• PROVIDED MATERIAL:
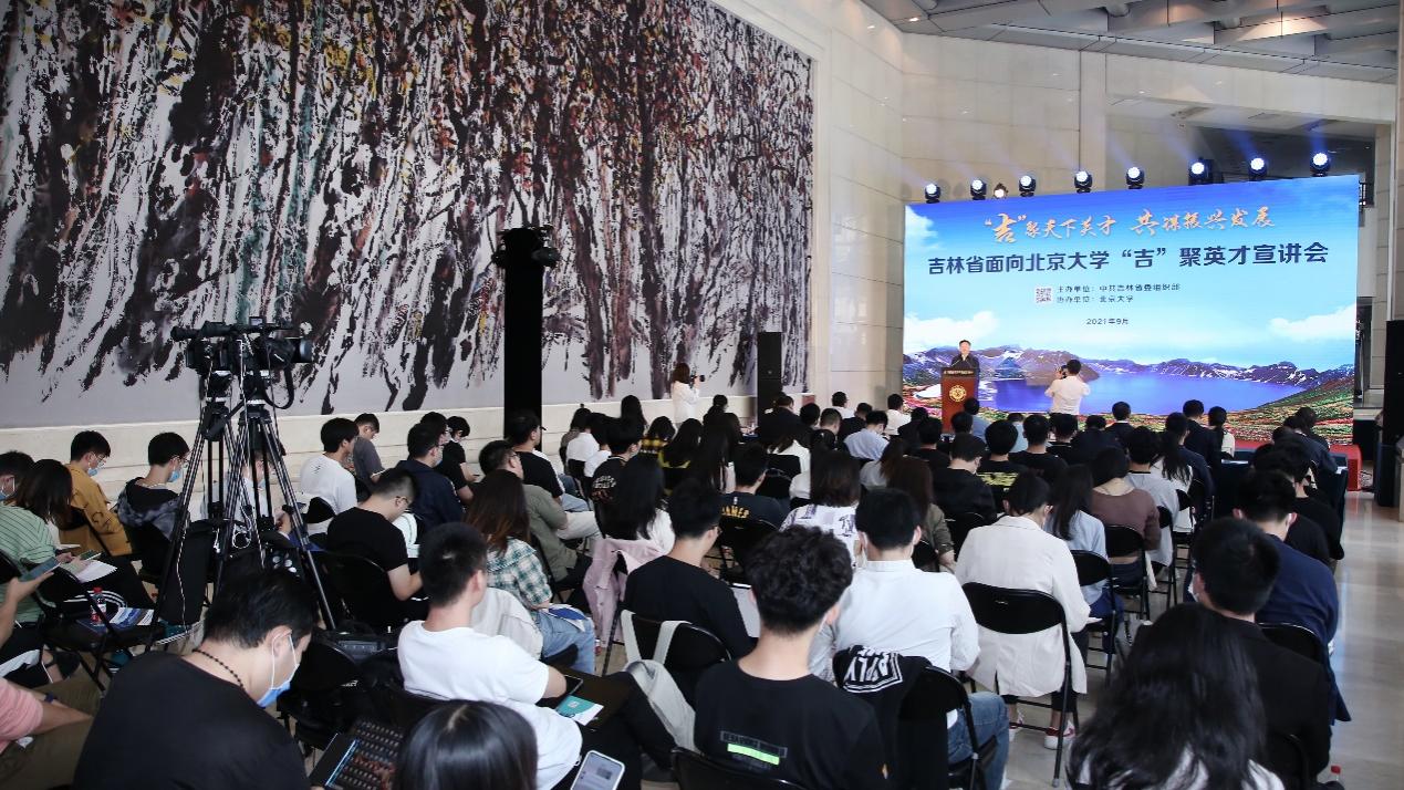 宣讲会在百周年纪念讲堂纪念大厅举行,张恩惠作主旨宣讲。他指出,当前的吉林发展势头强劲、生态环境优良,在引才用才上政策完善、保障有力,是成就事业之地,希望北大学子不负韶华、不负青春,把吉林作为奋斗圆梦之地。靖宇县委副书记、代县长吴红亮,双辽市委常委、统战部部长聂磊,吉林省发展和改革委员会综合处三级主任科员姜研三位校友代表分别发言,分享在吉工作与生活感受。
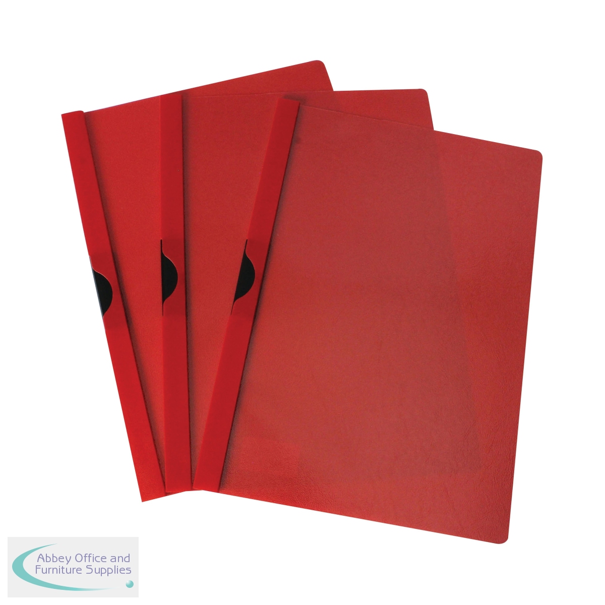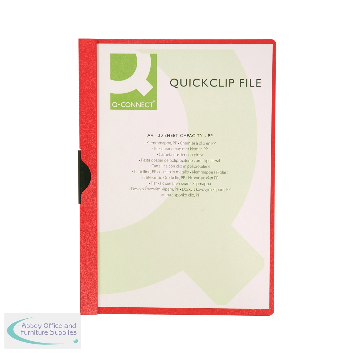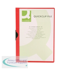 This Q-Connect Quickclip File makes an ideal presentation folder for storing and displaying unpunched papers. Simple pull out the clip, insert up to 30 sheets of 80gsm A4 paper and push the clip back into place. The folders have a transparent front cover, allowing you to display your title page, and a red coloured back cover for creating a colour coordinated filing system. This pack contains 25 red files.
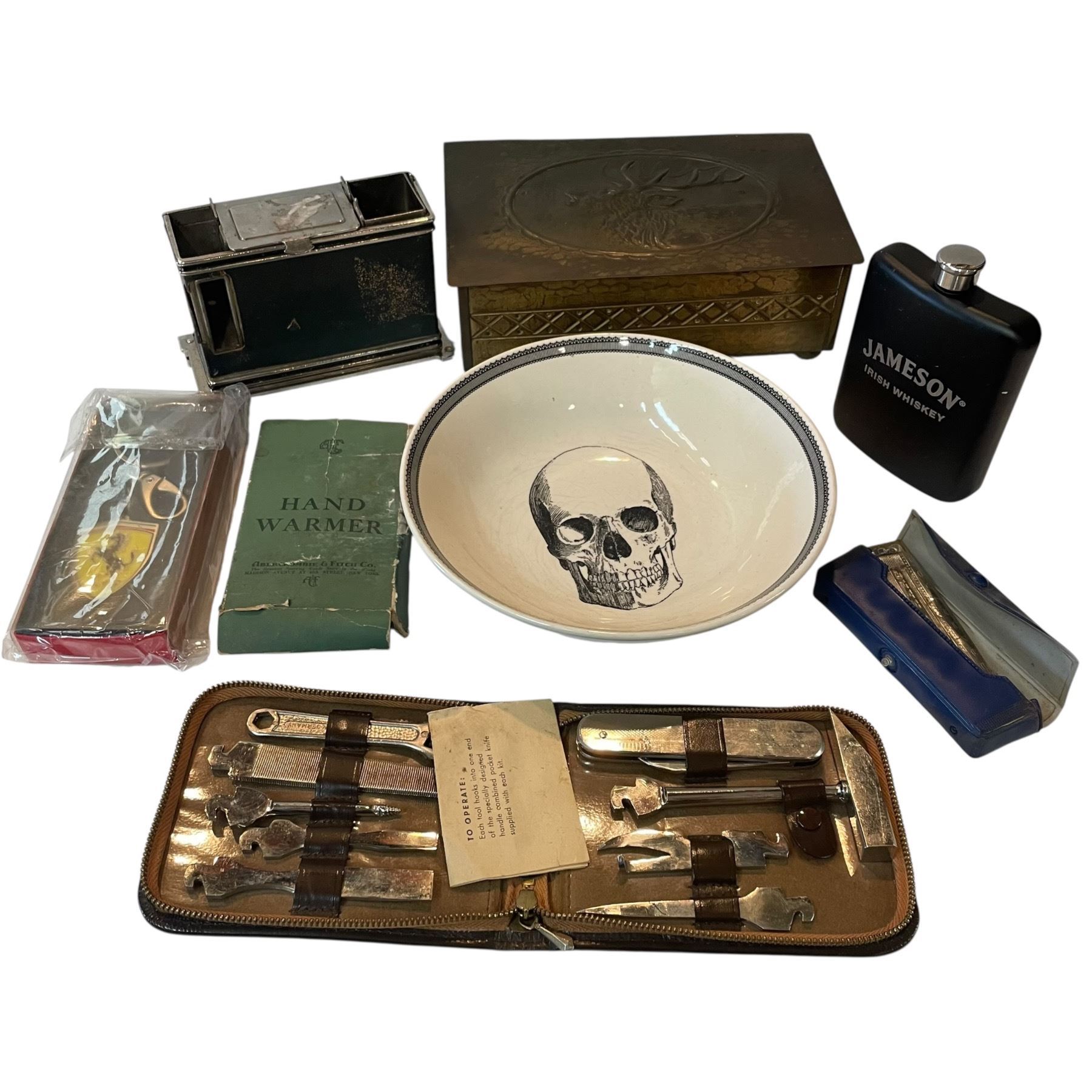 Gentlemen's Lot of Hand Warmer, Cigarette Stand, Harmonica, Porche Key Chain and more

• WHAT TO DO: Only the pictures should be left out; the rest of the material above must be repeated exactly.

• PROBLEM SOLUTION:
 宣讲会在百周年纪念讲堂纪念大厅举行,张恩惠作主旨宣讲。他指出,当前的吉林发展势头强劲、生态环境优良,在引才用才上政策完善、保障有力,是成就事业之地,希望北大学子不负韶华、不负青春,把吉林作为奋斗圆梦之地。靖宇县委副书记、代县长吴红亮,双辽市委常委、统战部部长聂磊,吉林省发展和改革委员会综合处三级主任科员姜研三位校友代表分别发言,分享在吉工作与生活感受。
 This Q-Connect Quickclip File makes an ideal presentation folder for storing and displaying unpunched papers. Simple pull out the clip, insert up to 30 sheets of 80gsm A4 paper and push the clip back into place. The folders have a transparent front cover, allowing you to display your title page, and a red coloured back cover for creating a colour coordinated filing system. This pack contains 25 red files.
 Gentlemen's Lot of Hand Warmer, Cigarette Stand, Harmonica, Porche Key Chain and more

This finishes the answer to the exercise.